After David Lynch passed, my social media flooded with tributes, memories, and stories about his art and his spirit. The same sentiment I saw when greats like Ursula K. LeGuin and David Bowie passed: Why do we lose these artists right when it seems like we need them the most?
I scrolled social media, hearing David’s voice, seeing his work, taking in his wisdom. The collective remembering and honoring was very powerful. I don’t think we’ve lost David Lynch. He hasn’t gone anywhere. His body died, but who he is, what he is, is still here.
I’ve yet to come across someone who could articulate the concept of the unified field or the collective unconscious so clearly as David.
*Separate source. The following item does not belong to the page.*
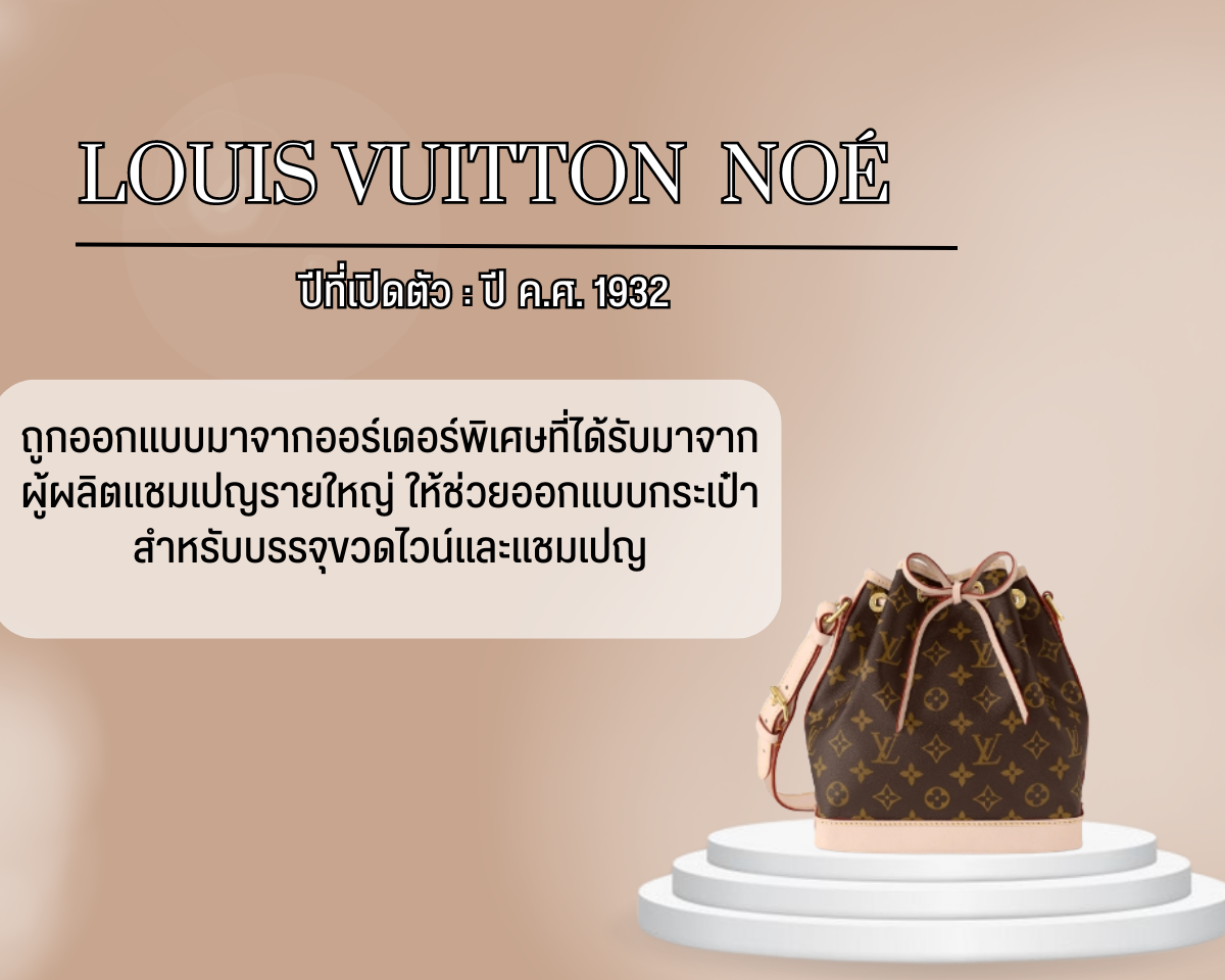 กระเป๋าทรงบักเก็ตรุ่นนี้พาย้อนกลับไปสู่ดีไซน์ในปี 1932 ซึ่ง Gaston-Louis Vuitton พัฒนากระเป๋าที่แข็งแรงและมีสไตล์ตามความต้องการของผู้ผลิตแชมเปญ โดยออกแบบกระเป๋าให้มีน้ำหนักเบา ทนทาน มีความหรูหรา และมีพื้นที่มากพอให้บรรจุขวดแชมเปญได้ 5 ขวดขึ้นไป จนได้เป็นผลงานรุ่น “Noé” ปัจจุบันกระเป๋ารุ่นนี้ผลิตด้วยวัสดุและขนาดที่หลากหลายมากขึ้น แต่ยังคงรักษาเอกลักษณ์เด่นแบบดั้งเดิมไว้อย่างครบถ้วนไม่ว่าจะเป็นรูปทรงเฉพาะตัว พื้นที่กว้างขวาง สายรูดปิดกระเป๋า และมีการปรับแต่งให้เข้ากับไลฟ์สไตล์ในยุคนี้มากขึ้น พร้อมด้วยสายหนังที่สามารถปรับความยาวได้ จึงช่วยให้สะพายไหล่หรือสะพายเฉียงได้สะดวก

I think, what happened, and what I witnessed, am witnessing, is this.
As we learned about David Lynch’s passing, we remembered him. We remembered the effect he’s had on us, and that his work will continue to have. We remembered the things about his presence that speak to us. And in that remembering, sparks of his energy wakened in each of us. We hold them. We hold him.
Who will be David Lynch now?
I think we all will.
He’s dispersed, now, among us. It’s up to us to nurture those things we find important and hold dear that are connected to David.
For me, that means prioritizing the work, as he called it. Focusing with intensity. Regular idea fishing. Remembering to take breaks and enjoy life. Being as particularly and unapologetically myself as possible. Loving what I love. Refusing to explain. More mystery. More dreaming. More consciousness. More art.
That’s what he would have wanted, I think.